00:00 - If you're a rotary engine enthusiast, you're probably wondering how the tuning basics and the tuning process applies to the rotary engine.
00:10 While the inner workings of the rotary engine are vastly different to a piston engine, the way the rotary engine responds to fuel and ignition timing is actually remarkably similar to a piston engine.
00:23 So, most of what we can apply to tuning piston engines is also relevant to rotary tuning.
00:30 Rotary engines are very sensitive to knock or detonation, though, and can quickly be destroyed if almost any level of knock occurs.
00:40 For this reason, it's important to tread carefully when tuning a rotary engine and be conservative with the amount of ignition advance being used.
00:49 It's always better to potentially leave a little power on the table, and have an engine that's going to last a long and healthy life.
00:59 Differences also exist in the sort of air-fuel ratios that we're likely to use in a rotary engine when compared to a piston engine.
01:08 The rotary engine shows a little less efficiency when compared to a piston engine, and this inefficiency shows up in the form of additional heat.
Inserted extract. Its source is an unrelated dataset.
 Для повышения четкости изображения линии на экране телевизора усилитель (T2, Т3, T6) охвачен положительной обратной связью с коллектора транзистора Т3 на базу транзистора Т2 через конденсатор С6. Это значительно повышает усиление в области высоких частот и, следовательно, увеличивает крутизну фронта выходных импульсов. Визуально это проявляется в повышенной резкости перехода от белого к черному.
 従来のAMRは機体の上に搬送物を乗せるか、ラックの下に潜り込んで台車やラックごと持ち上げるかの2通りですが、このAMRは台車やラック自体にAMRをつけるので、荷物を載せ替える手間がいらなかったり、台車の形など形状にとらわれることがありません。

01:18 To help combat heat in the combustion chamber, we'll generally need to run a rotary engine a little richer than a comparable piston engine.
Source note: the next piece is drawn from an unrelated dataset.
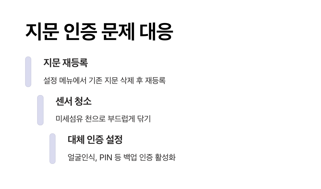 지문 인식 실패는 단순 개인 컨디션 문제일 수 있으나, 반복될 경우 삼성페이 안됨 원인으로 분류되므로 주기적인 재등록이 필요합니다.
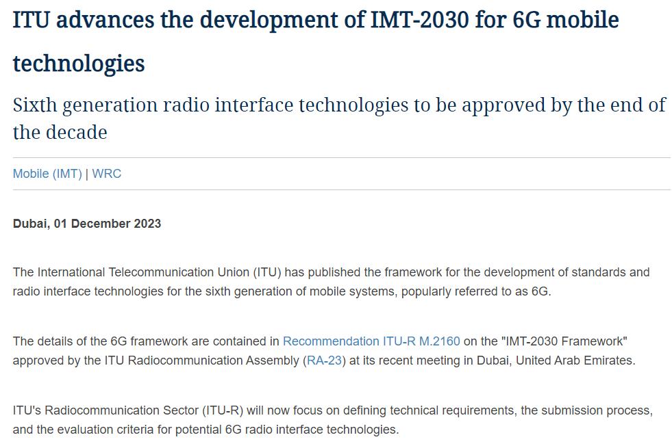 ITU-R的建议书代表了研发和实施全球公认的6G移动通信系统标准的重大进展。此前每一代移动通信系统,包括模拟蜂窝(1G)、数字蜂窝(2G)、IMT-2000(3G)、IMT-Advanced(4G)和IMT-2020(5G)也都是通过ITU实现了标准化的。

01:28 Two other important differences that you'll see on a rotary engine, are two spark plugs and two injectors per rotor, and these need to be dealt with by the engine management too.
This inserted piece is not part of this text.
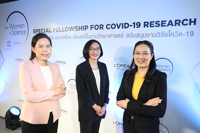 นักวิจัยสตรีทั้ง 3 ท่านที่ได้รับทุนพิเศษเพื่องานวิจัยโควิด-19 จากโครงการทุนวิจัย ลอรีอัล ประเทศไทย “เพื่อสตรีในงานวิทยาศาสตร์” ในสาขาวิทยาศาสตร์ชีวภาพ คือ รศ.พญ. อรุณี ธิติธัญญานนท์ จากภาควิชาจุลชีววิทยา คณะวิทยาศาสตร์ มหาวิทยาลัยมหิดล กับงานวิจัยหัวข้อ โครงการวิจัยเพื่อพัฒนาวิธีการวินิจฉัย วิธีการรักษาโรค วัคซีนของโรค COVID-19 และการติดตามการเปลี่ยนแปลงลักษณะทางพันธุกรรมและระบาดวิทยา ที่เกิดจากเชื้อไวรัส SARS-CoV-2 ด้านสาขาวัสดุศาสตร์ คือ ดร.นฤภร มนต์มธุรพจน์ จากศูนย์วิจัยเทคโนโลยีสิ่งอำนวยความสะดวกและเครื่องมือแพทย์ สำนักงานพัฒนาวิทยาศาสตร์และเทคโนโลยีแห่งชาติ กับงานวิจัยหัวข้อ การเตรียมและทดสอบคุณสมบัติของวัสดุคอมพอสิทของไฮดรอกซีอะพาไทต์และไททาเนียมไดออกไซด์สำหรับใช้เป็นแผ่นกรองจุลินทรีย์ และ สาขาเทคโนโลยี คือ ดร. อนันต์ลดา โชติมงคล จากศูนย์วิจัยเทคโนโลยีสิ่งอำนวยความสะดวกและเครื่องมือแพทย์ สำนักงานพัฒนาวิทยาศาสตร์และเทคโนโลยีแห่งชาติ กับงานวิจัยหัวข้อ ระบบติดตามและประเมินผู้ที่มีความเสี่ยงต่อโรคติดเชื้อ COVID-19 (DDC-Care)

01:41 The two spark plugs are referred to as leading and trailing, and they'll normally be fired at slightly different times in the engine's cycle.
01:50 When we talk about ignition timing in a rotary engine, we're normally referring to the ignition advance angle for the leading spark plug.
01:58 You can think of this as the main spark plug, and this is responsible for initiating the combustion.
02:05 The trailing plug is controlled seperately and will fire a little later after the leading spark plug.
02:12 This is referred to as trailing split.
02:15 The design of the rotary engine means that each rotor provides one combustion event for each rotation of the eccentric shaft, compared to a four-stroke piston engine, where we have one combustion event for every two rotations of the crank shaft.
02:31 It might seem like subtle difference, but in this detail lies one of the keys to the rotary engine making so much power out of a seemingly small capacity.
02:42 It also affects the fuel system requirements, though.
02:46 Or specifically what we're talking about here, the fuel injector requirements.
02:50 Since the rotary engine has a combustion happening twice as often as a piston engine, there's only half of the time available for the injector to deliver the fuel to the engine.
03:03 Coupled with this, a 13B for example, only has two rotors, so if that two-rotor engine is producing the same power as a four-cylinder engine, each rotor is essentially producing twice the power of each cylinder on the piston engine, and here's the fuel requirements increase further.
03:24 This is why we usually see two injectors per rotor.
03:28 This is called staged injection, and allows a smaller, primary injector to be used when fuel demands aren't that high.
03:36 As engine RPM and power increase, so does the fuel demand, and the secondary injectors begin adding fuel too, in order to keep up with engine's demands.
03:48 While it may be possible to supply all the engine's fuel requirements using a single injector, that injector would need to be very large, and this can make it hard to control it idle and cruise.